Leben in Ruinen

Das Fragment von der Burg Wildenstein zeigt den Kurfürsten und Erzbischof von Mainz zu Pferde. Ursprünglich war die Kachel mit einem schwarzbläulichen Überzug versehen und wirkte wie eine eiserne OfenplatteAus der Mitte des 17. Jahrhunderts stammen die in jüngster Zeit auf der Burg gefundenen Kacheln. Sie gehörten zu einem Ofen mit gusseisernem Unterbau. Mit seinen vermutlich an der Lahn gegossenen Ofenplatten zählte der Ofen nicht nur zu einer besonders robusten und zugegebenermaßen auch teueren Gattung von Kachelöfen. Mit seinem keramischen Aufsatz vereinigte er zugleich die Vorzüge von Eisen- und Kachelöfen: die rasche Wärmeabgabe und die lange Wärmespeicherung. Besonderes Interesse verdient eine große Blattkachel mit einem reitenden Kurfürsten. Nach dem dreißigjährigen Krieg repräsentierten acht Kurfürsten nach dem Kaiser das Römische Reich Deutscher Nation. Durch das Speichenrad auf der Pistolentasche gibt sich das am besten erhaltene Wildensteiner Relief als Darstellung des reitenden Kurfürsten zu Mainz zu erkennen.

 

Verbreitung der Serie der Kurfürsten zu Pferde Ettlinger Art. Karte: Spessart-GIS (.pdf)

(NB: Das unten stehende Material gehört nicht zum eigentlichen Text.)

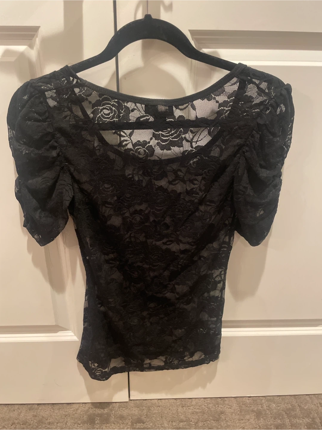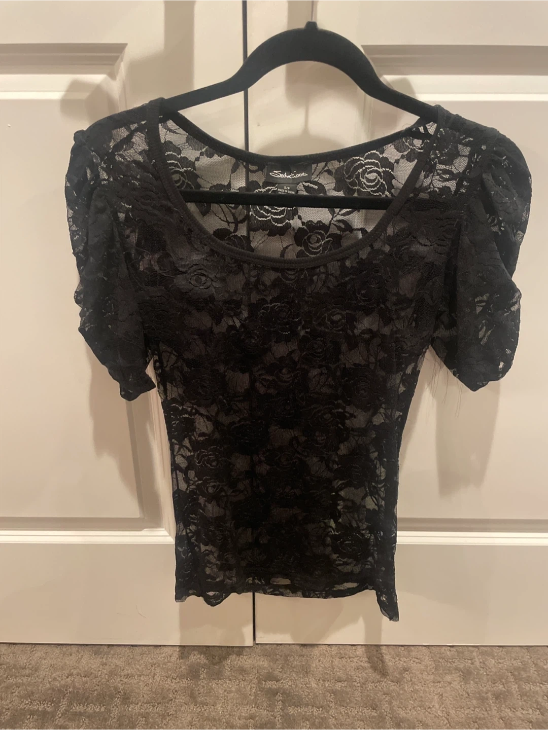 Selling a cute Sabrina black lace top in size small ! It's in great condition and perfect for layering or wearing on its own. The lace detailing is really pretty and adds a touch of elegance to any outfit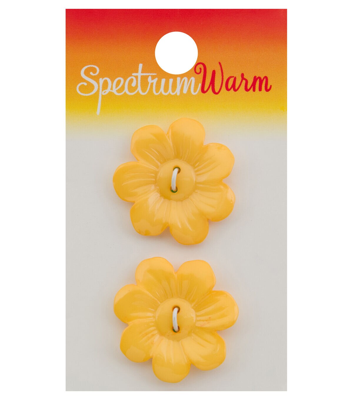 Prettify your handmade creations using the Spectrum Warm Shiny Daisy Buttons Yellow. This pack includes two buttons shaped like daisies and will make a lovely addition to floral-printed DIY dresses, tops, skirts and more. You can use them as fasteners or for decorative purposes. These buttons can also be stitched onto fabric dolls. Brand: Spectrum Warm Collection: Apparel Buttons,Novelty Buttons Includes two buttons Size: 28 millimeter

Von den fünf bislang bekannten Serien mit reitenden Kurfürsten ist die vorliegende hauptsächlich am Oberrhein und im Elsass verbreitet. Funde aus Miltenberg und Eschau legen jedoch nahe, daß die Motive auch mainaufwärts verhandelt wurden. Eine Vorstellung vom ursprünglichen Aussehen eines solchen Kurfürstenofens gibt uns ein Kachelofen, der heute im Universitätsmuseum in Marburg aufgestellt ist. Der Kombinationsofen mit den reitenden Kurfürsten ist zudem ein Zeitdokument für die Geschichte der Burg Wildenstein. Seine Reste fanden sich am Fuße des Burgturms, der noch in der zweiten Hälfte des 17. Jahrhunderts als Wohnstatt des Burgvogtes diente. Seine Zerstörung dürfte mit dem endgültigen Auszug des letzten Burgbewohners einhergegangen sein.